Deciding what to do with our money is an often tricky minefield, particularly when we are not well-versed at handling our finances. We discuss the important points that will help you decide if saving or investing is the best course of action for you, depending on your personal situation and financial goals.
The difference between saving and investing
Saving our money means putting some of it aside, with the aim of accumulating it to spend on something specific, like a deposit on a house, a big holiday, or for everyday emergencies, such as broken washing machines. This normally means you’ll be putting your money into a saving account, where it won’t be at risk and you can earn interest on it.
Investing, on the other hand, is where you use your money to try to make a profit, by putting it into things that you think will increase in value. There are plenty of places to invest, such as stocks, shares, funds, property, art or gold.
Unlike saving, investing involves risk,since there is never any guarantee that you’ll get your initial investment back, nor make a financial profit. That being said, you can certainly grow your wealth by choosing the right investments and being sensible, by setting a practical risk appetite and diversifying your assets.
Saving is vital
Everyone should be trying their best to save at least some of their money each month towards an emergency fund – that is, a separate account which is specifically set aside for unforeseen situations that would require swift access to finances, like the loss of a job or a major home repair. As a general rule of thumb, you should have three months’ worth of living expenses in the emergency fund. That way, you’ll always have some financial security in the case of a sudden event.
Once you’ve sorted your emergency fund, you should aim to save around 10% of your income each month, if you can afford to.Having a personal budget planner will really help you to sensibly manage your finances and you can easily see where to make spending cuts after your essential outgoings are budgeted for.
The only time where it would not be appropriate to save is where there are very important things that require money first-and-foremost, like paying off debts.
Only invest when you’re ready
With regards to investing, the key point to make is that you should only do so when you are financially stable and have all your major debts under control. Next, you should set a realistic risk appetite,which will help you determine the risk you are willing to tolerate as an investor.
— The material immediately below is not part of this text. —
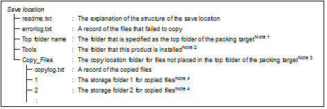 Files not placed inside the top folder of the packing target that is specified in the Pack Settings dialog box are copied to the Copy_Files folder when saving, so when using the save location project, you must re-register the files to the project. |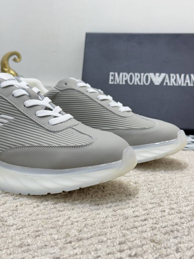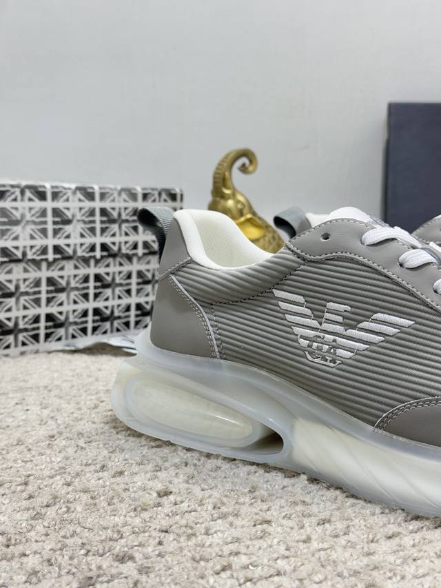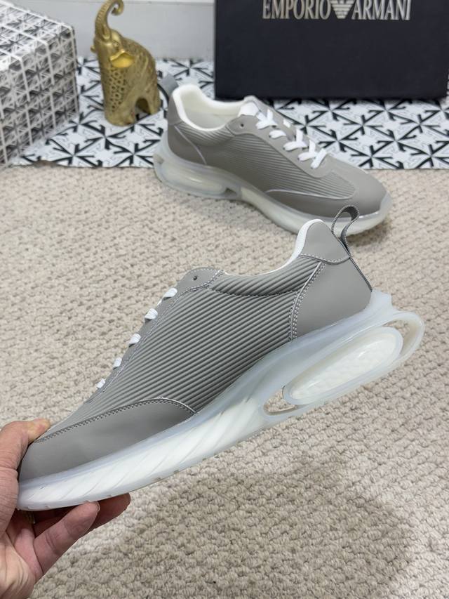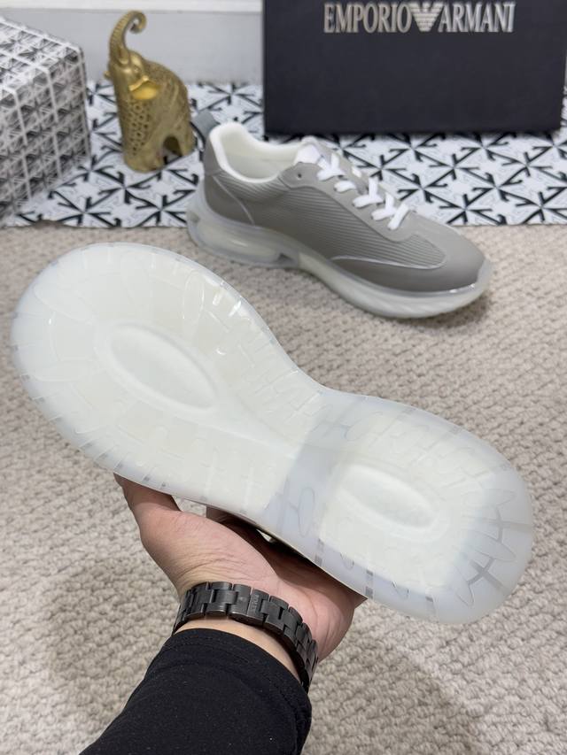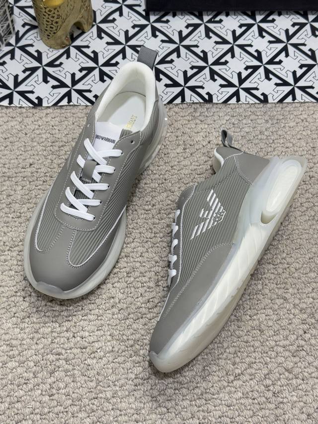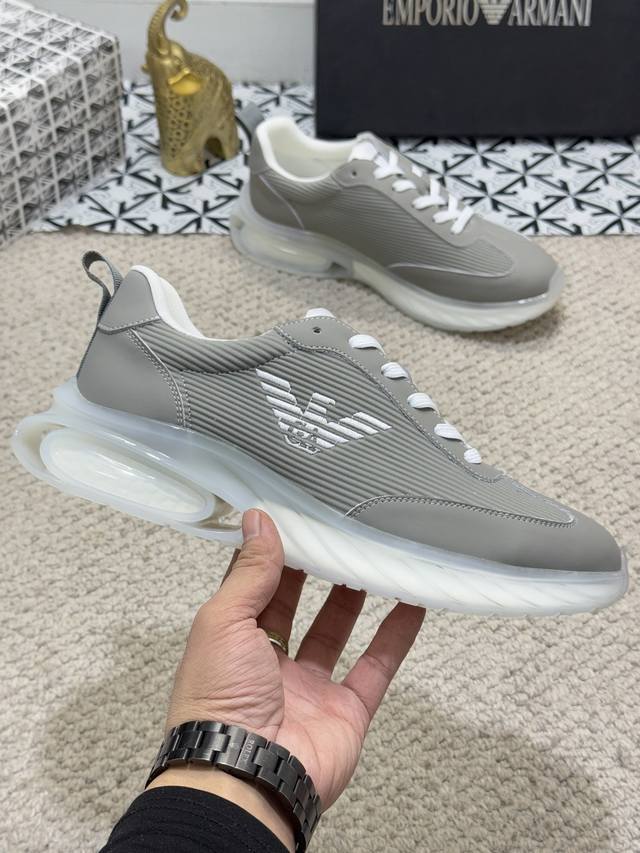 armani 阿玛尼 。透气小布鞋,鞋面采用舒适透气布料,超轻橡胶发泡大底。男款灰色38-44。

This is essential, as all investments are risky, and means you are less likely to bite off more than you can chew, particularly as a beginner investor.
If you are unsure of where to start, a financial advisor or independent investment research company can help you decide where to invest.
Above all, saving money should be your key priority before investing, simply because it is your savings that will give you the initial wealth you need to kick-start your investment portfolio. As such, only after you’ve covered all your essential expenses, as well as anything big you need to plan for, like a house or wedding, would it be wise to consider investing.